### [INSTRUCTIONS FOR THE TASK]
Using the material below, print a verbatim copy of every line from the one containing "Actor Darshan Kumar" through the one containing "Figure 1 Diploma Programme model", inclusive, and omit the pictures.

━━ RECORD EXCERPTS ━━

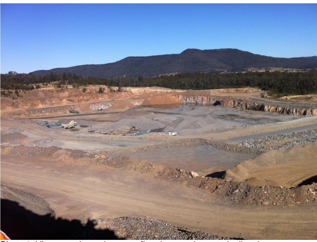
Photo 1: View over the main quarry floor in a south westerly direction
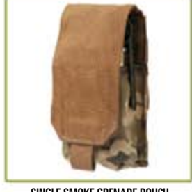
SINGLE SMOKE GRENADE POUCH SGC-1-MS-FCCA
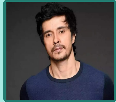
Actor Darshan Kumar

Union Minister of India for Environment, Forest & Climate Change
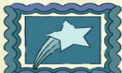
9 Wish on a star
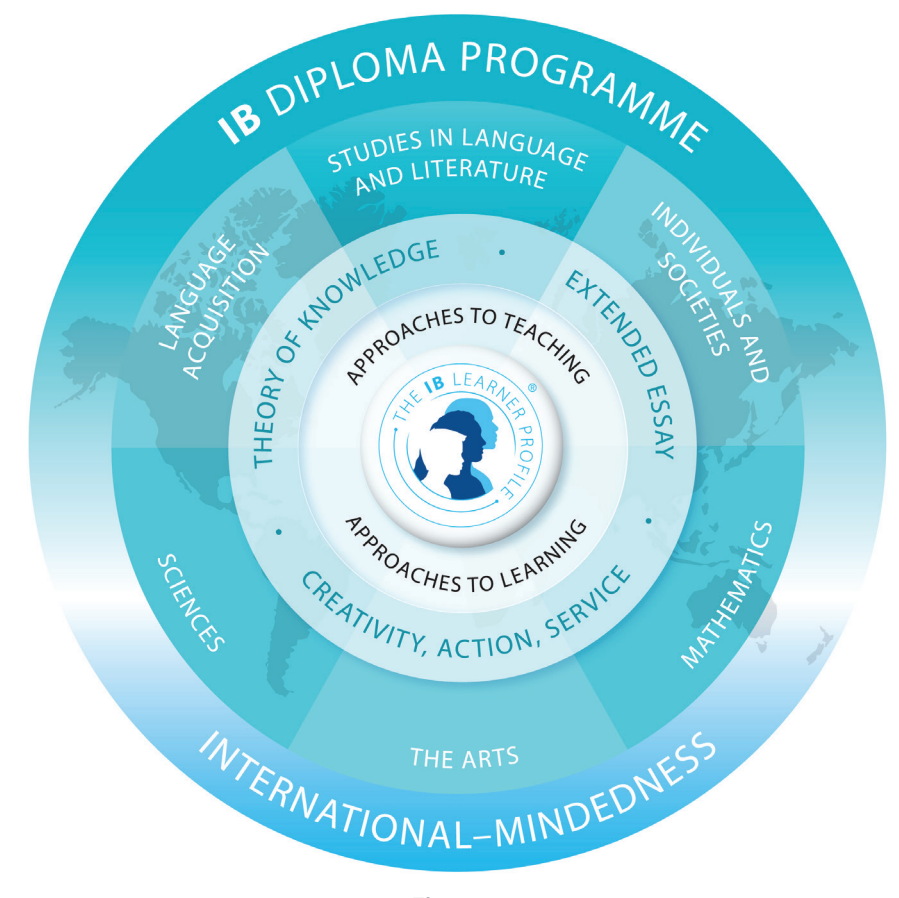
Figure 1 Diploma Programme model

The course is presented as six academic areas enclosing a central core (see figure 1). It encourages the concurrent study of a broad range of academic areas. Students study: two modern languages (or a modern language and a classical language); a humanities or social science subject; a science; mathematics and one of the creative arts. It is this comprehensive range of subjects that makes the Diploma Programme a demanding course of study designed to prepare students effectively for university entrance. In each of the academic areas students have flexibility in making their choices, which means they can choose subjects that particularly interest them and that they may wish to study further at university.
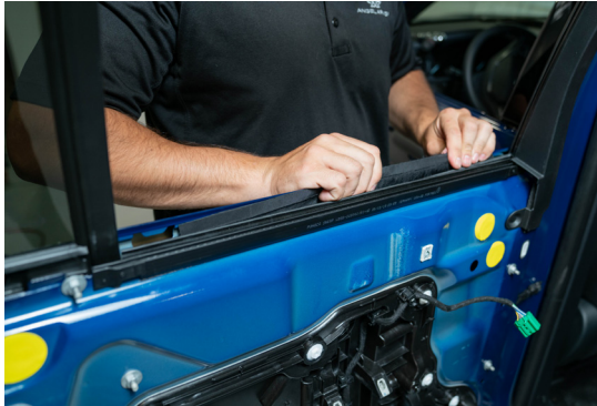
▲ Figure 23. Leaning back/pulling ballistic door panel toward exterior of the door.
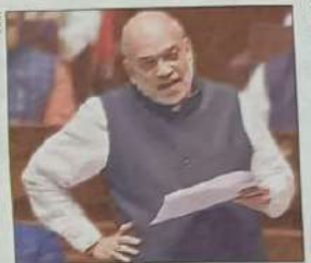
Amit Shah in Rajya Sabha

Shah was replying to the two-day debate in Rajya Sabha to mark 75 years of the Constitution. He also asserted that BJP would bring Uniform Civil Code in every state through democratic processes. P 15
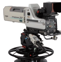
Broadcasting HD Video Camera
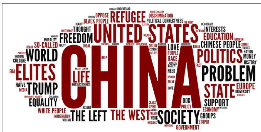
Figure 3. Word cloud of the corpus (excluding ‘white left’).

exists but argue that their contribution should be acknowledged despite their flaws. The topics, ideologies and strategies of argumentation in Chinese criticisms of the ‘white left’ overlap to a large degree with those of right-wing populist discourses in the West (Krämer, 2017; Wodak, 2015). 7 The most salient issue categories are immigration/refugees, race/racial relations and Islam/Muslims. Regarding the economy and social welfare, critics of baizuo either attack redistributive economic policies and the welfare state or assert that immigrants and minority ethnic groups (bar Chinese immigrants) are welfare dependants. Other topics deal with postmaterialist values such as feminism, environmentalism and LGBT rights (see Figures 2 and 3). While the anti-elitist rhetoric is highly visible, we consider the core ideological features to be racial nationalism (taking the form of racism, nativism and Islamophobia) and realist authoritarianism (associated with authoritarianism, realpolitik and social Darwinism).
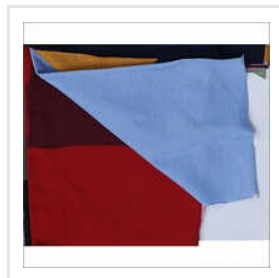
44 Inch Sinker Fabrics
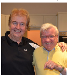
Best bar staff at St John's

Local businesses sponsored whole races up front, the horses themselves were quickly snapped up by those who fancied their chances to make a quick fortune. Only the jockeys were left to be auctioned on the night itself.
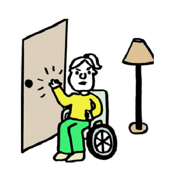
To respect the privacy of others

━━━

### [OUTPUT FOR THIS TASK]
Actor Darshan Kumar

Union Minister of India for Environment, Forest & Climate Change
9 Wish on a star
Figure 1 Diploma Programme model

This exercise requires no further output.